In 2017, Akudolu took part in Let's Sing and Dance for Comic Relief with a duo from Casualty. The trio performed "Uptown Funk" by Bruno Mars and came second place. In 2017, she took part in the fifteenth series of Strictly Come Dancing on BBC One. She was the first celebrity to be eliminated after a disappointing Foxtrot which lacked flow and the traditional format of the dance. Akudolu took part in The Weakest Link one-off celebrity episode for Children in Need. She was the strongest link in 5 out of the 6 rounds, and beat Rylan Clark-Neal in the final round to win, earning 1,130 pounds for Children in Need, which the programme doubled.

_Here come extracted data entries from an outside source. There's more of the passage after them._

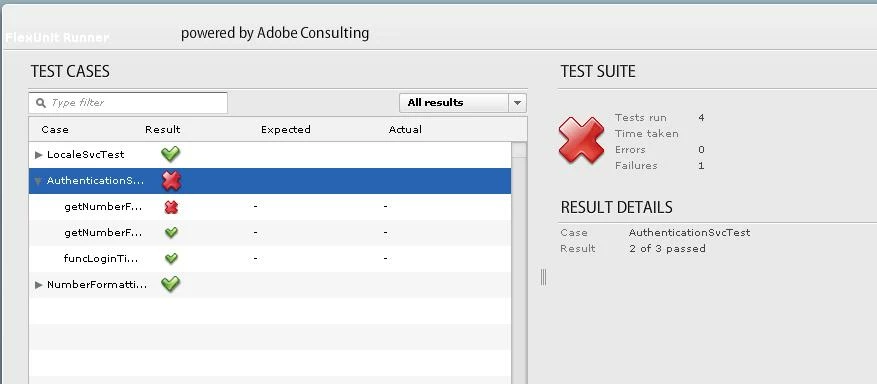 I have 3 test class out of which 2 test class is fully passed. But the class which fails has 2 methods. In the failed class 1 method is failed and 1 is passed, but when i check in the flexunit UI it says for the failed class as Result: 2 of 3 passed. But there are only 2 methods, It counts that as passed as well as failed. Can anyone tell me the reason. For reference i am attaching the screeshot.
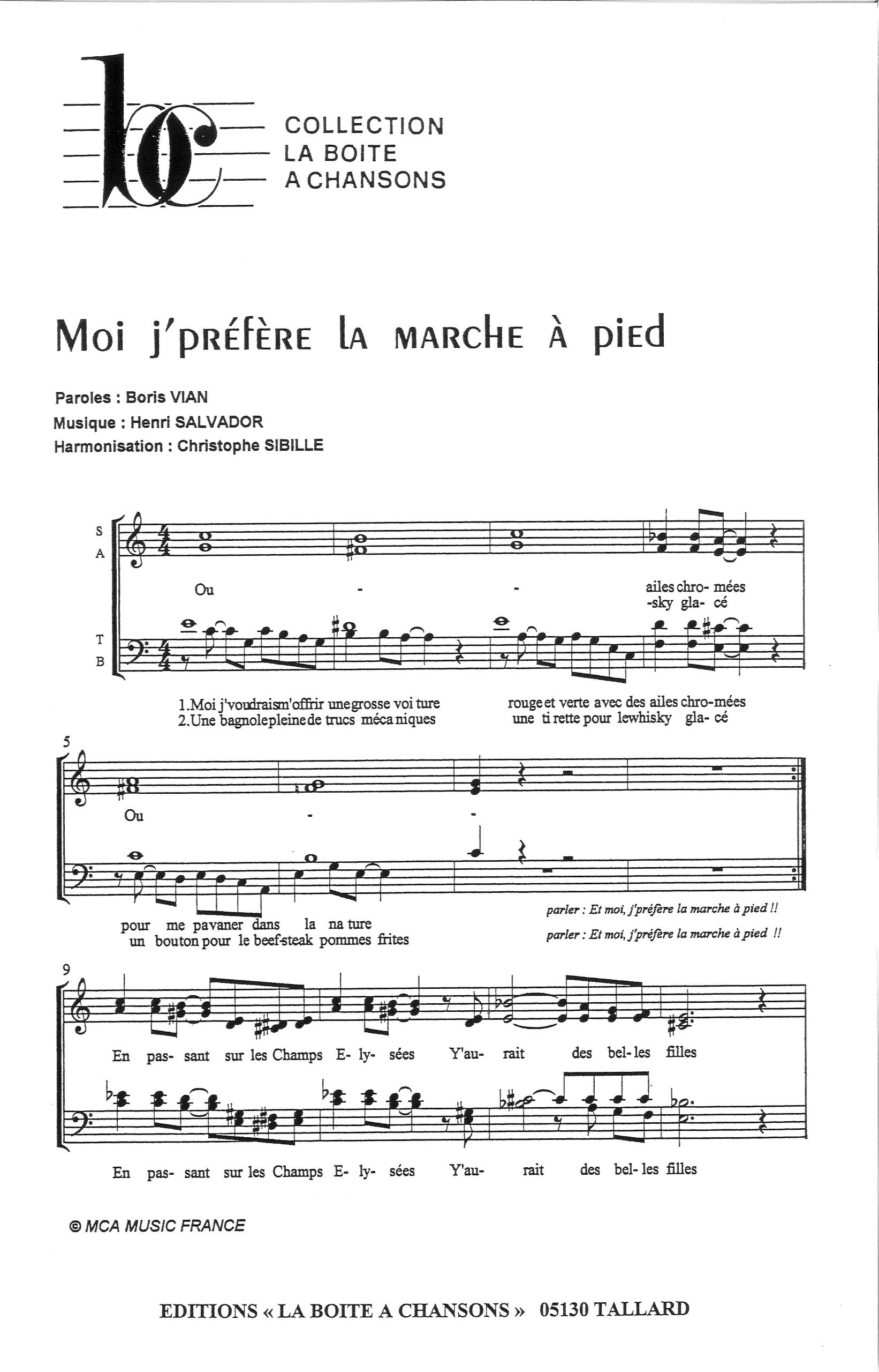 Paroles et musique de VIAN/SALVADOR Harmonisation : SIBILLE
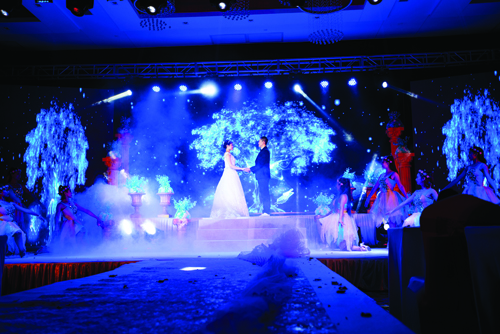 戶外草坪婚禮作為這次時尚婚禮秀中最大的亮點,現(xiàn)場充分運用泛華酒店精美靈動的外場景觀與花草樹木相映成輝,賦予婚姻使命,定格自然清新,滿足年輕人個性化的需求,填補了我市城區(qū)戶外婚禮慶典的空白。
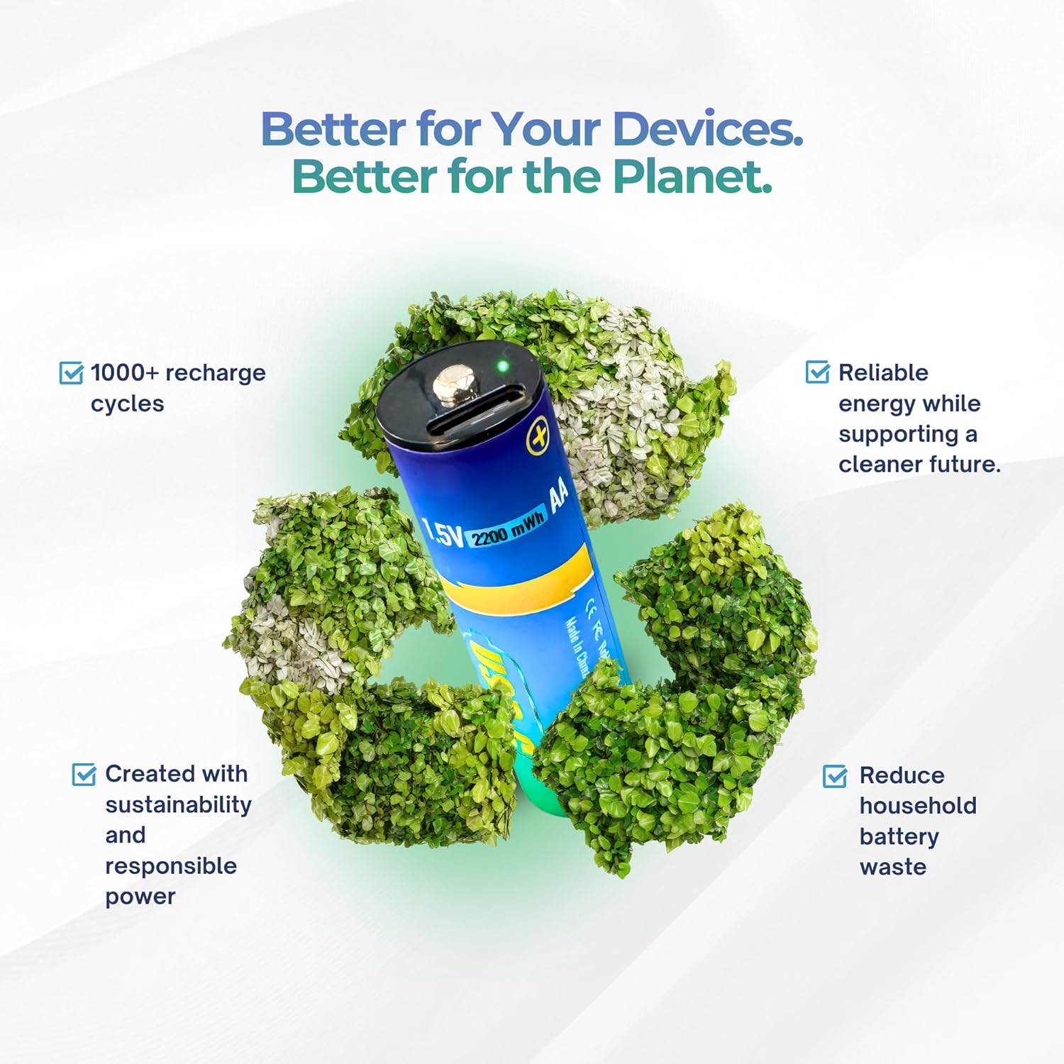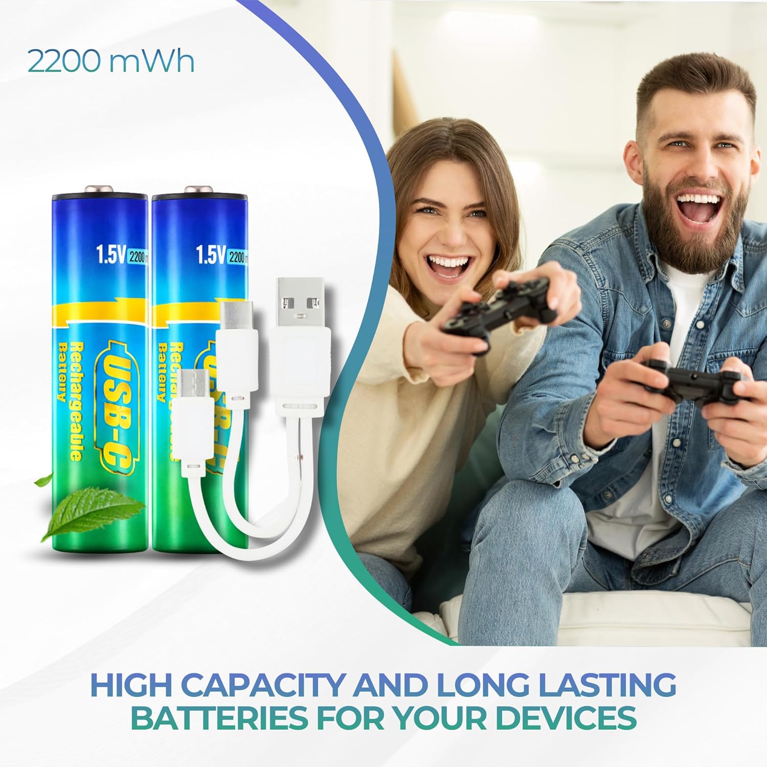 Power up your devices with these innovative USB-C rechargeable AA batteries from GreenVault. Featuring a high capacity of 2200mWh and 1.5V output, these batteries offer reliable performance for your everyday electronics. The included Type-C cable enables convenient fast charging, eliminating the need for separate battery chargers. This 2-pack of rechargeable batteries helps reduce waste while providing consistent power output. The LED indicator lets you monitor charging status, and the batteries are designed with built-in protection features. Perfect for digital cameras, remote controls, toys, and other battery-operated devices, these USB-C rechargeable batteries combine modern charging convenience with reliable performance. The compact design maintains standard AA size compatibility while incorporating advanced charging technology. For optimal performance, fully charge before first use and recharge when power is depleted. **Flashing Green LED indicates charging in progress. **Stable Green LED indicates charging completed.
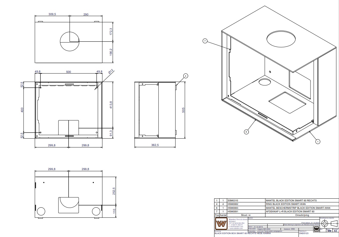 Wanders S 60 levé prosklení jsou moderní krbová kamna s čistým hranatým designem a částečným rohovým prosklením. Prosklení může být levé nebo pravé. Těmito kamny si zákazník může dopřát efekt krbu bez nutnosti stavebních úprav. Velice elegantní řešení je absence kličky a otvírání za pomocí originálního klíče, který obdržíte s kamny. Sklo je ohýbané z jednoho kusu. Ovládání je pouze jedním šoupětem v přední části pod dvířky, takže obsluha je jednoduchá a nic zbytečně nenarušuje čistý vzhled kamen.
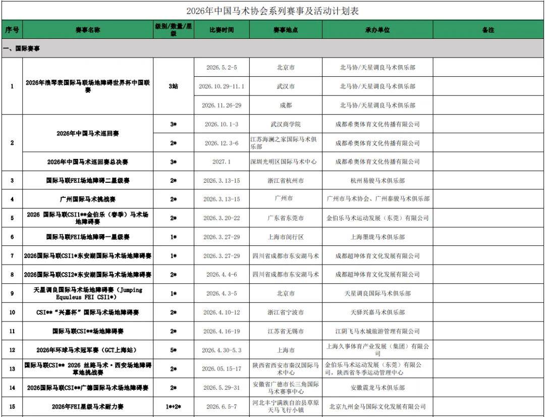 近日(1月13日),中马协在其官网及微信公众号正式公布2026年中国马术协会系列赛事及活动的相关承办单位名单。公示期为5个工作日,公示截止日期为2026年1月20日。在公示期结束后30个工作日内,中国马术协会将和所有承办单位与正式签署赛事合作协议(所有承办单位必须是中马协团体会员)。延期签署视为赛事承办单位自动放弃承办该项赛事。
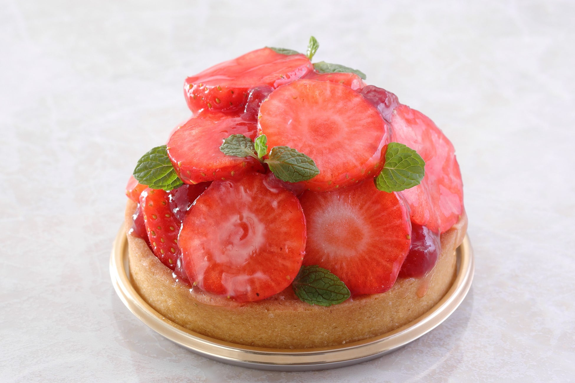 風味豊かなアーモンドタルト生地に甘酸っぱいいちごジャムを入れ、あっさりとしたカスタードクリームといちごをトッピングしました。
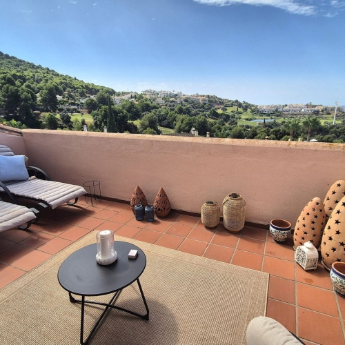 Bright, Impeccable Apartment with Scenic Views in Pueblo Andaluz, Alhaurin Golf.
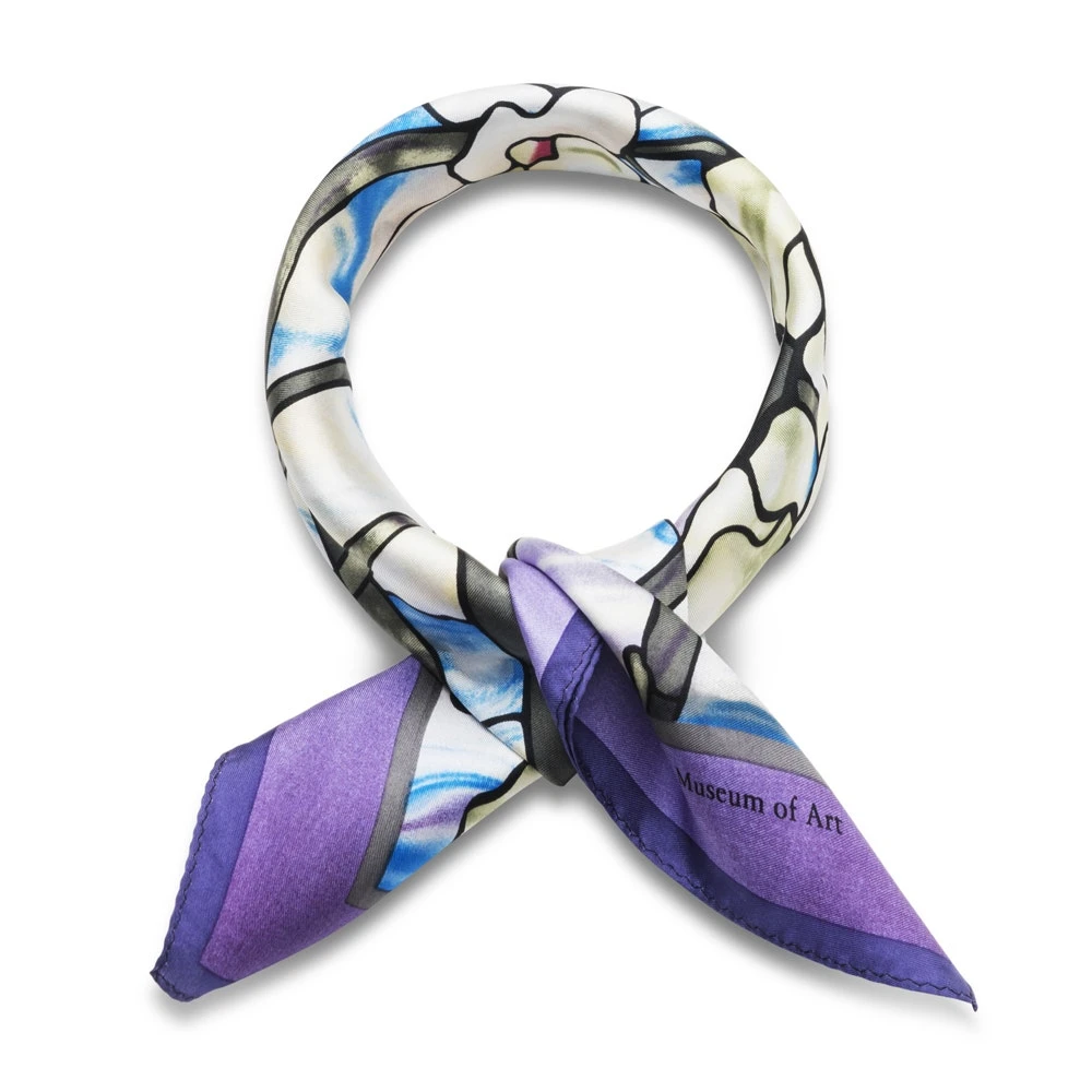 Featuring lush, radiant colors, the Museum’s Magnolias and Irises Neckerchief is based on an original Louis Comfort Tiffany (American, 1848–1933) Favrile glass window depicting a picturesque landscape. The window features an embankment of irises idly situated beneath flowering magnolia trees in the foreground. Magnificent purple hills are set in the background with a central meandering stream, possibly emblematic of the river of life. This piece exemplifies Louis Comfort Tiffany’s lifelong fascination with light, color, and nature.
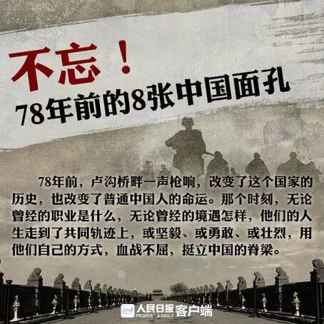 78年前的今天,卢沟桥上的枪声,拉开抗日战争的序幕。8年浴血奋战,中国军民伤亡超过3500万,大半个中国山河破碎,生灵涂炭。卢沟桥上的硝烟已经散去,有的人想忘记,所以我们必须牢记。今年,,发条微信,祭奠遇难同胞。也提醒:正义不容亵渎,历史不会重演!
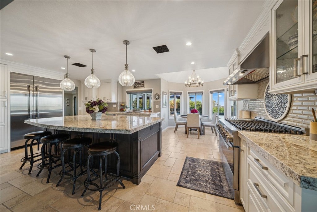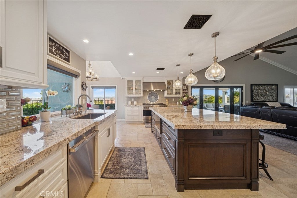 Welcome home to a truly special single-story retreat, tucked away on a peaceful cul-de-sac with beautiful views. Completely upgraded from floor to ceiling, this 4-bedroom, 2-bath residence blends timeless elegance with modern comfort in every detail. Sunlight pours through the home, highlighting Italian Versailles-pattern tile flooring, designer finishes, and thoughtfully curated spaces. The heart of the home is the stunning kitchen, featuring stainless steel appliances, granite countertops, two-tone cabinetry, an oversized island, pendant lighting, and a classic subway tile backsplash—perfect for hosting gatherings or enjoying quiet mornings at home. Relax and unwind in your spacious living areas, each centered around a custom-designed fireplace, with beautiful built-ins and floating shelves that add warmth and character. Both bathrooms have been fully remodeled with high-end finishes, creating a spa-like experience you’ll enjoy every day. Step outside to your own private oasis with a covered patio, barbecue, custom brickwork, artificial grass, and a private spa—an ideal setting for entertaining, relaxing, and taking in the view. This is more than a home—it’s a place to gather, recharge, and create lasting memories in a turn-key, beautifully upgraded setting.

2018 saw Akudolu compete on Richard Osman's House of Games, televised on BBC Two, alongside Tom Allen, Charlie Higson, and Kate Williams. Having won one of the episodes in her week, she returned for a House of Champions special along with Miles Jupp, Amol Rajan and Ellie Taylor, broadcast in 2020.

In January 2019, Akudolu played Butterfly Brown in Death in Paradise.

In 2022, Akudolu competed in Celebrity hunted for Stand up to Cancer. She was caught 3rd in the series, her teammate Lisa Mafia was caught shortly after her.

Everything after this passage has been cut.